The U.S. Agency for International Development, USAID, run by former Gates Foundation program manager Rajiv Shah, is trying to upgrade its approach to fighting global poverty by encouraging innovation.
In case you haven’t noticed, we are now in the Geek phase of global health and development.
In a new infographic, USAID attempts to provide more specific examples to illustrate some good examples of what it means by celebrating innovation as a means to improving people’s lives in poor countries.
Here’s a link to the USAID infographic, below is a screen grab:
I have to note that almost everybody today in the global health and development arena uses (overuses) and loves the word “innovation” — in part, I suspect, because it can mean almost anything and is something you feel obligated to support, simply by definition.
I mean, who would try to argue against innovation? In favor of stagnation or regression?
I may have sounded a bit like that yesterday, poking fun at a new Gates-funded BBC TV show on global health, but that’s not really what I meant.
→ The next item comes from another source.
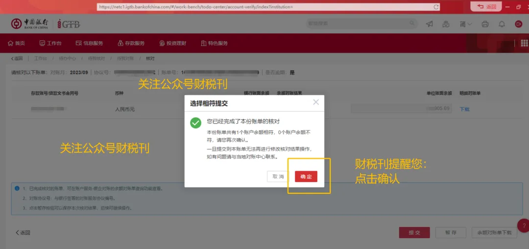 确定提交已完成即可~(季度未操作对账可能导致银行账户无法正常收付款)

Here are some more thoughtful (older, but timeless) posts from Alanna Shaikh at UN Dispatch and at her personal blog Blood and Milk on the downside of too much trust in innovation.
With that caveat in mind, I do think innovation is both needed and worth celebrating in global health and development — so long as innovating is a means to an end definedby focusing on the needs of the poor, and not the end itself.